We found that contacts were less frequent during weekends compared with weekdays but that the extent of the frequency reduction varied across campaigns. The largest reduction was observed in December 2021 when the average number of contacts per person decreased from 9.7 (95%CI 9.4–10.0) on weekdays to 7.0 (95%CI 6.5–7.5) during weekends. In contrast, in March 2021, the average number of contacts per person did not show a clear difference varying from 6.0 (95%CI 6.3–5.8) during weekdays to 5.7 (95%CI 6.4–5.2) during weekends (Fig. 2D-E). Similarly, individuals on vacation reported having fewer daily contacts compared to those not on vacation. The largest reduction was observed in December 2021, where individuals not on vacation reported an average of 9.5 (95%CI 9.2–9.7) contacts per day, while those on vacation reported an average of 5.2 (95%CI 4.4–6.2) contacts per day, representing a 45% reduction. In August 2021, the reduction was only 10%, with individuals not on vacation reporting an average of 7.4 (95%CI 7.1–7.8) contacts per day compared to 6.7 (95%CI 6.4-7.0) for individuals on vacation (Fig. 2F-G).
Regarding the evolution of contacts in the different settings, on average, people ≥ 18 yo declared between 1.6 and 1.9 other members in their household during weekdays (Fig. 2D) in the different campaigns.

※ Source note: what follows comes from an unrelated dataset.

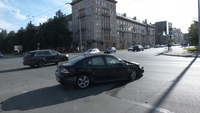 Инцидент произошел на улице Кришьяня Валдемара у пересечения с улицей Зирню. В аварию попали легковые машины марок BMW и SAAB, а виновником, скорее всего, будет признан молодой человек на серебристом автомобиле, поскольку, как он сам признает, он не пропустил SAAB, ехавший через перекресток на зеленый свет.

For people declaring being on holidays, contacts in the household increased to 2.4 on average during both the campaigns of March 2021 and August 2021. The majority of reported contacts happened at work during weekdays (Fig. 2D) across all campaigns. Contacts at work increased over time, from an average 2.6 (95%CI 2.5–2.7) contacts per day during weekdays in December 2020, to 4.9 (95%CI 4.7–5.2) and 4.5 (95%CI 4.1-5.0) contacts per day in December 2021 and May 2022, respectively (Fig. 2D). Contacts during leisure time also increased over time. The mean number of contacts during leisure activities on weekdays was estimated at 0.3 (95%CI 0.2–0.3), 0.5 (95%CI 0.4–0.5), 0.4 (95%CI 0.4–0.5), 1.7 (95%CI 1.6–1.8), 1.2 (95%CI 1.1–1.3) and 2.0 (95%CI 1.7–2.3) in the different campaigns from December 2020 to May 2022.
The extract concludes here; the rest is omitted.